All patients require to be hospitalized and have confirmed COVID‐19 if not specified otherwise.
Figure 1.
Mortality and/or venous thromboembolism and/or mechanical ventilation as part of the primary outcome in anticoagulation trials in COVID‐19. The number in the circles represent the number of studies using each combination of outcomes as their primary outcome
In this scoping review, we identified 20 ongoing trials evaluating anticoagulant interventions in hospitalized patients with COVID‐19 across 4 continents and 21 countries. The extraordinary effort to develop these important trials in such a short time and under unprecedented circumstances is commendable. This swift development was driven by the urgency to find efficacious and safe interventions for patients with COVID‐19. Speedy completion of these trials is crucial to provide the best care for patients with COVID‐19. Many centers have already adapted their anticoagulant protocols for COVID‐1927 based on low‐quality evidence while awaiting results of randomized controlled trials, placing these trials in jeopardy due to loss of equipoise.

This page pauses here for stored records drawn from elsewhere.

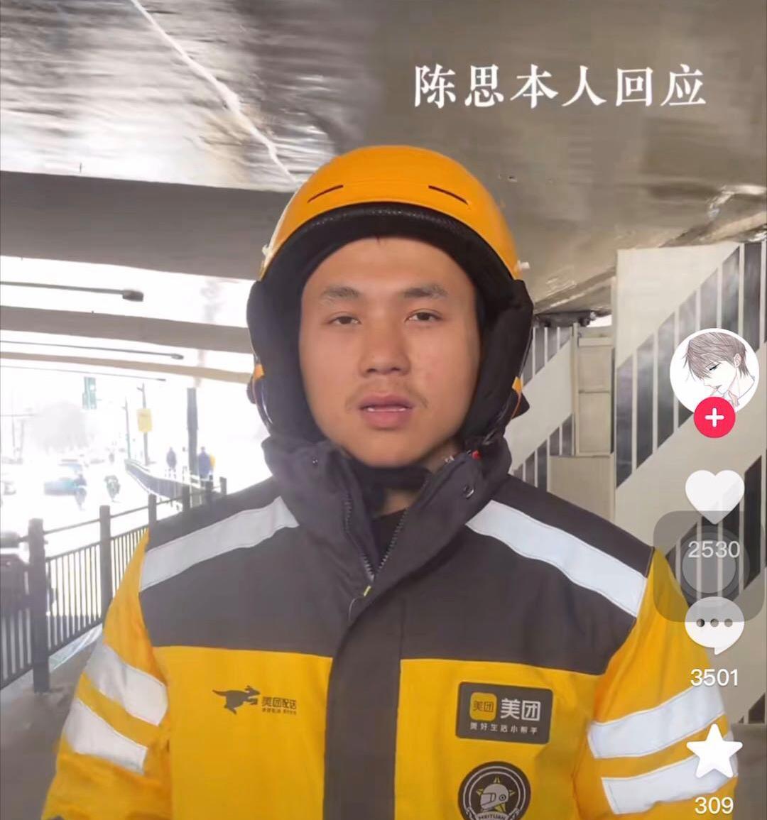 2024年1月15日晚間,外賣小哥陳思面對大衆質疑,官方媒體《瀟湘晨報》直播連線陳思,他說這個行業很危險,面對自己做這麼多單,他奉勸別人不要模仿,這是拿老命在拼,如果某天說不定一下子自己就沒了,他說他送外賣之所以這麼拼命,主要是負債累累,沒有別的出路選擇,他說以後不送外賣了,會選擇再次創業,如果再創業失敗,他會選擇擺地攤開始新的一個起點。
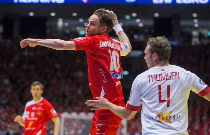 Guðjón Valur: Getum verið stoltir af þessum árangri "Þeir voru að hvíla lykilmenn hjá sér og við vorum líka að rúlla mikið. Við lentum bara í vandræðum og á vegg í síðari hálfleik," sagði landsliðsfyrirliðinn Guðjón Valur Sigurðsson eftir tapið gegn Dönum í Boxen í kvöld. 22. janúar 2014 22:05
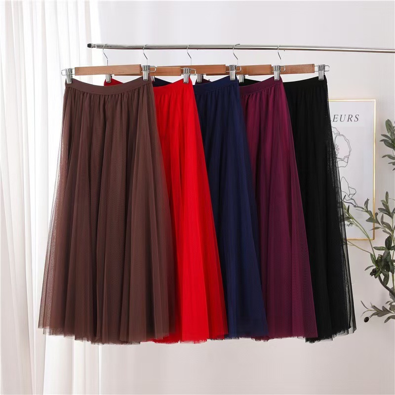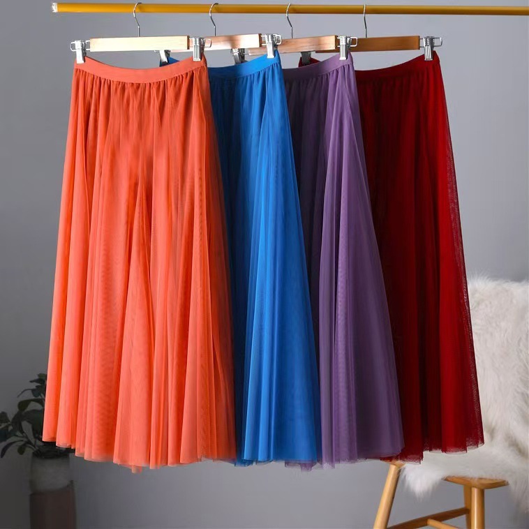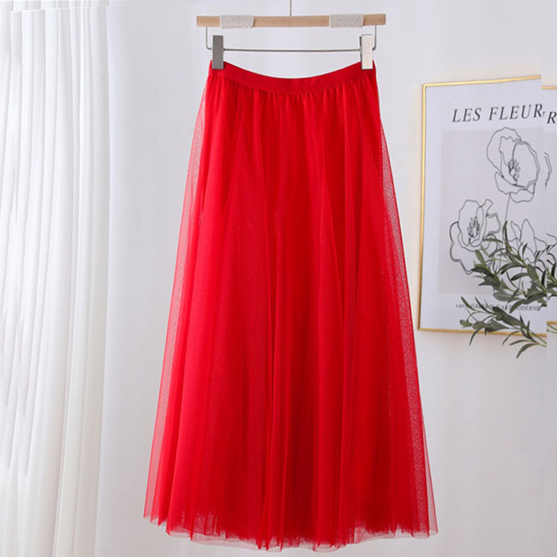 Сетчатая юбка женская сетчатая юбка средней длины большая качели-образная плиссированная юбка красная юбка танцевальная юбка квадратная танцевальная юбка

Ongoing measures to mitigate the pandemic will lead to a decrease in the daily number of new COVID‐19 cases. As a consequence, enrollment of patients may slow down or stop in some regions in the near future, which may affect the ability to complete these important trials. In this situation, designs that afford rapid opening of study sites in regions with increasing infection rates will be required.
Findings here suggest that the COVID‐19 research landscape is fragmented and rapidly changing. Researchers are developing study protocols quickly and often implementing them first on a local level. While an urgent need for answers opens opportunities for funding and fast‐track study approval by ethics committees or regulatory agencies, it may lead to duplication of efforts and conduct of trials that may never be completed due to poor recruitment or were underpowered to begin with. In an analysis of UK government‐funded trials prior to COVID‐19, 45% did not reach 80% of the pre‐specified sample size and only 31% reached the intended sample size in their proposed time frame.28 Sample size calculations can often include a back‐and‐forth dance between a feasible target sample size and the desired effect size.29 This “sample size samba”29 allows researchers to achieve satisfactory power but can lead to inflation of the minimal clinically important difference of the primary outcome. Nonetheless, methodologically strong small studies have value,29 because they can be combined in a meta‐analysis that may achieve convincingly conclusive results.30
The need to globally coordinate research efforts existed prior to COVID‐19, but the fast pace, fragmentation, and high‐pressure state on COVID‐19 research efforts has triggered the need for urgent international collaboration and future innovative solutions to solve this problem. It also highlights the need to strengthen interdisciplinary networks and collaboration because study objectives and primary outcomes may vary despite studying similar interventions in the same populations. Engagement of every specialty involved in the care of patients with COVID‐19 may be key to design and successful conduct of meaningful trials. Furthermore, this scoping review also accentuates the need for standardization of key data elements across trials, such as Common Data Elements (http://isth.breakthrough.healthcare)31 and related Core Outcome Sets to capture outcomes in a purposeful and standardized way.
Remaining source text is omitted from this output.